• **PROBLEM REQUIREMENTS**
Set down every line of the data exactly, skipping the pictures.
[Start of section]
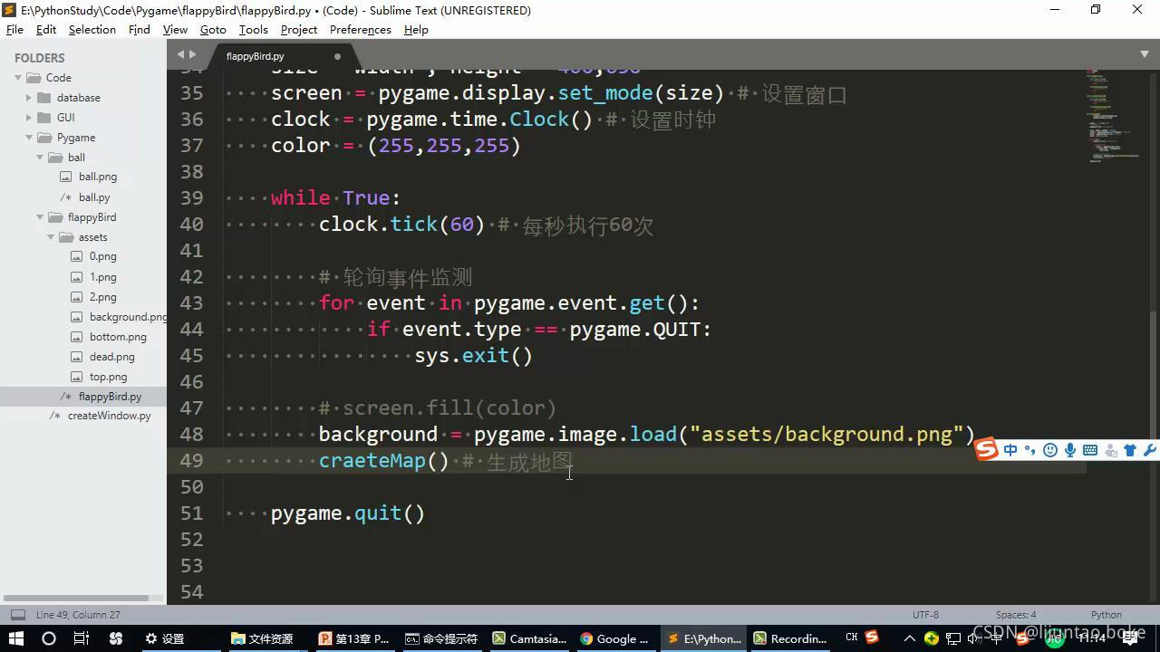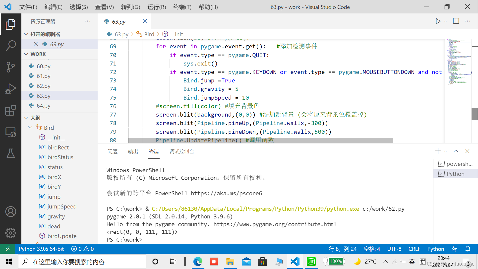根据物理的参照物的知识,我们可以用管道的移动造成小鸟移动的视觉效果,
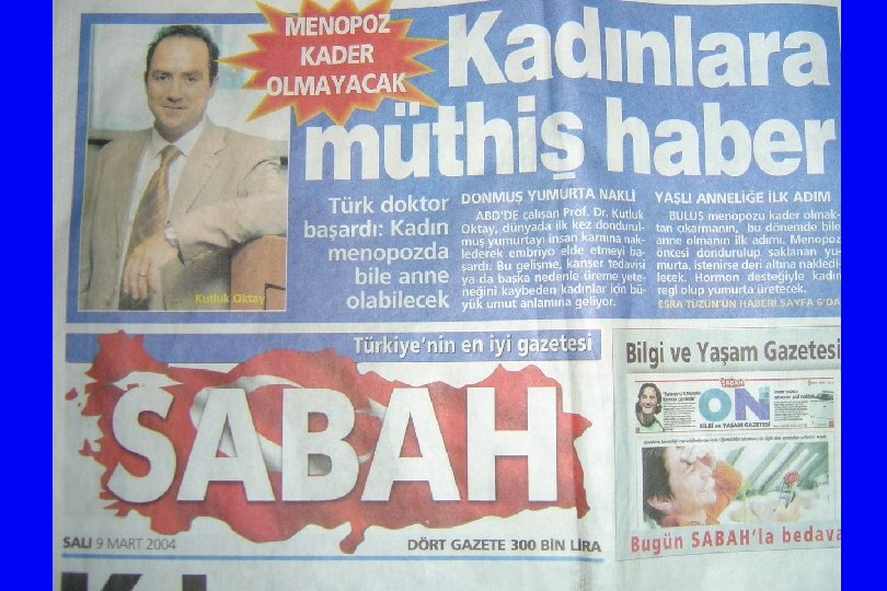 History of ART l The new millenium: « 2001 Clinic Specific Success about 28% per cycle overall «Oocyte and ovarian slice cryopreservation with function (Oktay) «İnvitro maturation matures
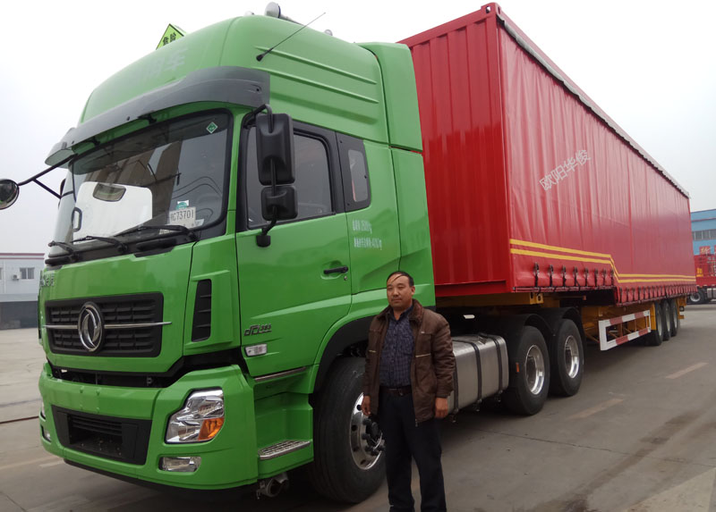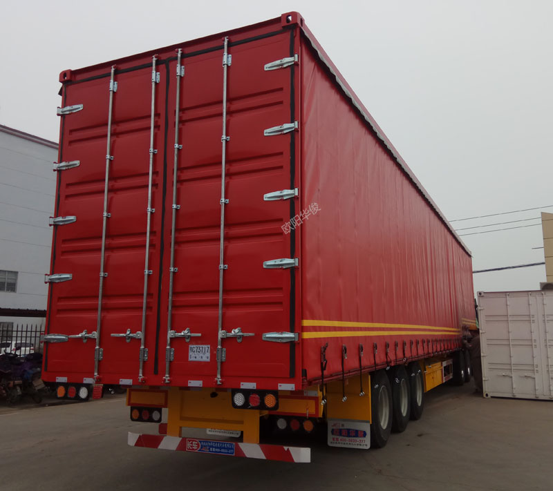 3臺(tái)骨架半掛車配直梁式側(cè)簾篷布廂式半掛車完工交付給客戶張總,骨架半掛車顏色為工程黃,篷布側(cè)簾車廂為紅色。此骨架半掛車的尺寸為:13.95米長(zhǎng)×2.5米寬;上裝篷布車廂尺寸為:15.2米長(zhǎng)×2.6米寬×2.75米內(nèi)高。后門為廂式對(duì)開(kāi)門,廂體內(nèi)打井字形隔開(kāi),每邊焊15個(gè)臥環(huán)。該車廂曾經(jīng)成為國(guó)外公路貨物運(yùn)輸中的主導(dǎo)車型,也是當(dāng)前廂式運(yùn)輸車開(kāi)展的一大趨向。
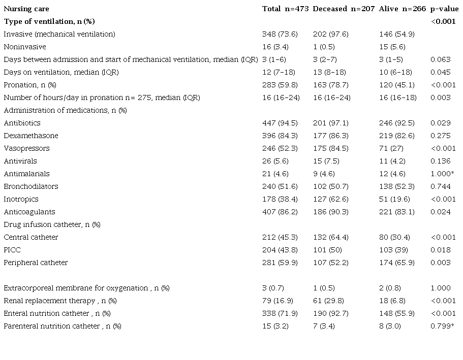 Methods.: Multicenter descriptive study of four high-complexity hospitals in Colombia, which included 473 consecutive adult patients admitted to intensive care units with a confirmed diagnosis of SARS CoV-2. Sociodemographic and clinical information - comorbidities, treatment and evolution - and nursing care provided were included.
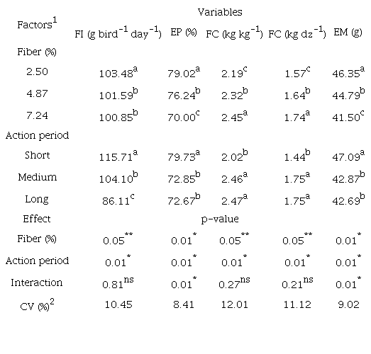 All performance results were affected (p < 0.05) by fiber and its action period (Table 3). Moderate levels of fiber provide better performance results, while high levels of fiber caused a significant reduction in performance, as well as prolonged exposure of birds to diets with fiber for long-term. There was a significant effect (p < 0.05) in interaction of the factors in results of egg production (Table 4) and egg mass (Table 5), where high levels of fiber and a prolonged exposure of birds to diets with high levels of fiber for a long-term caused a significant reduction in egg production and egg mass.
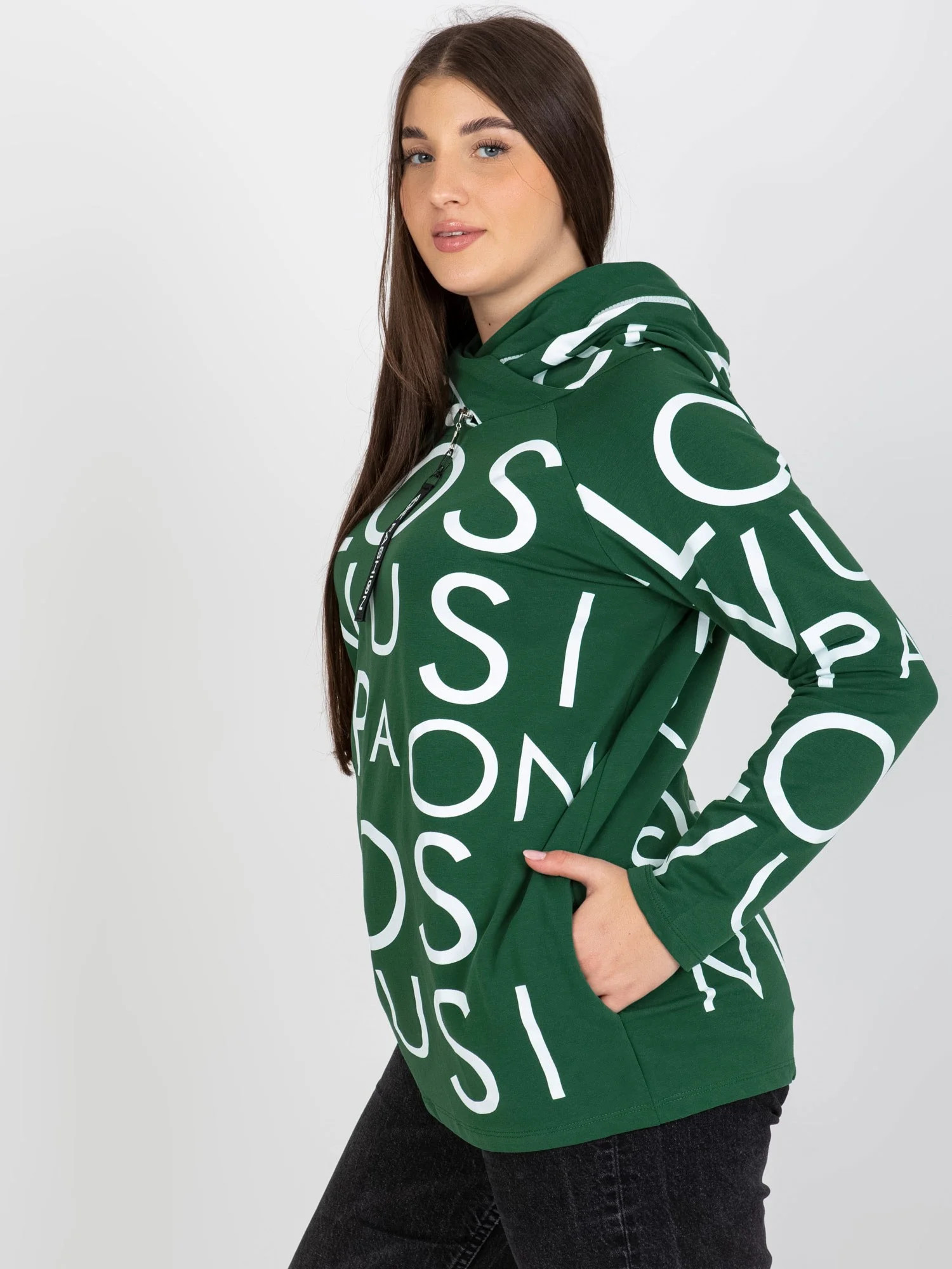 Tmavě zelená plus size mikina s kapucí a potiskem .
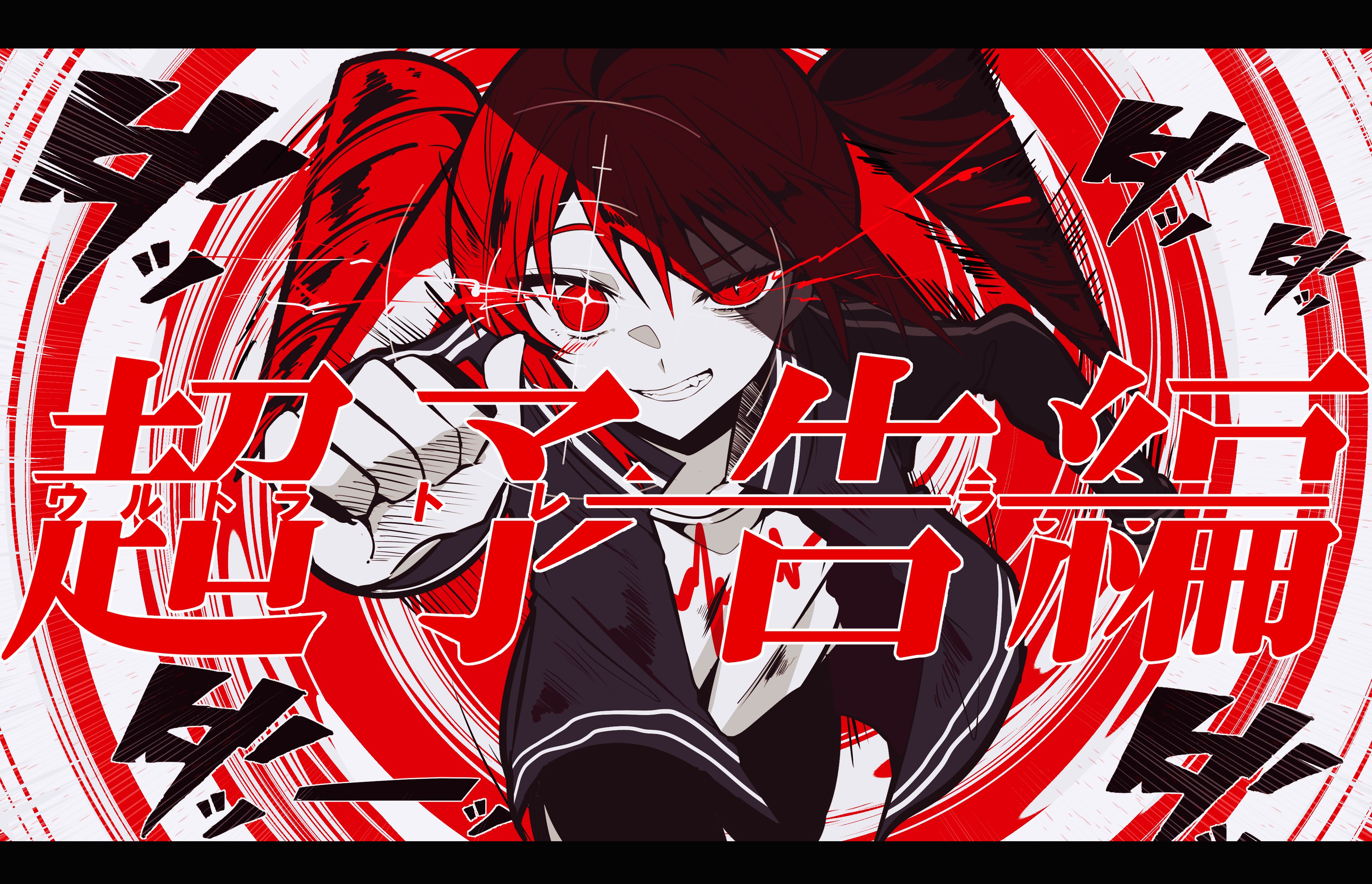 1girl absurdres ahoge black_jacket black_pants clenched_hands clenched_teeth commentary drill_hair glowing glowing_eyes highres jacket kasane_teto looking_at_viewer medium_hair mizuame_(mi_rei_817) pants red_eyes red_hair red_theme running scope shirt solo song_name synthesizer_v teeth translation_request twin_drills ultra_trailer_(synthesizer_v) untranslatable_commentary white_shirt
[End of section]
• **EXERCISE ANSWER**
根据物理的参照物的知识,我们可以用管道的移动造成小鸟移动的视觉效果,
 History of ART l The new millenium: « 2001 Clinic Specific Success about 28% per cycle overall «Oocyte and ovarian slice cryopreservation with function (Oktay) «İnvitro maturation matures
 3臺(tái)骨架半掛車配直梁式側(cè)簾篷布廂式半掛車完工交付給客戶張總,骨架半掛車顏色為工程黃,篷布側(cè)簾車廂為紅色。此骨架半掛車的尺寸為:13.95米長(zhǎng)×2.5米寬;上裝篷布車廂尺寸為:15.2米長(zhǎng)×2.6米寬×2.75米內(nèi)高。后門為廂式對(duì)開(kāi)門,廂體內(nèi)打井字形隔開(kāi),每邊焊15個(gè)臥環(huán)。該車廂曾經(jīng)成為國(guó)外公路貨物運(yùn)輸中的主導(dǎo)車型,也是當(dāng)前廂式運(yùn)輸車開(kāi)展的一大趨向。
 Methods.: Multicenter descriptive study of four high-complexity hospitals in Colombia, which included 473 consecutive adult patients admitted to intensive care units with a confirmed diagnosis of SARS CoV-2. Sociodemographic and clinical information - comorbidities, treatment and evolution - and nursing care provided were included.
 All performance results were affected (p < 0.05) by fiber and its action period (Table 3). Moderate levels of fiber provide better performance results, while high levels of fiber caused a significant reduction in performance, as well as prolonged exposure of birds to diets with fiber for long-term. There was a significant effect (p < 0.05) in interaction of the factors in results of egg production (Table 4) and egg mass (Table 5), where high levels of fiber and a prolonged exposure of birds to diets with high levels of fiber for a long-term caused a significant reduction in egg production and egg mass.
 Tmavě zelená plus size mikina s kapucí a potiskem .
 1girl absurdres ahoge black_jacket black_pants clenched_hands clenched_teeth commentary drill_hair glowing glowing_eyes highres jacket kasane_teto looking_at_viewer medium_hair mizuame_(mi_rei_817) pants red_eyes red_hair red_theme running scope shirt solo song_name synthesizer_v teeth translation_request twin_drills ultra_trailer_(synthesizer_v) untranslatable_commentary white_shirt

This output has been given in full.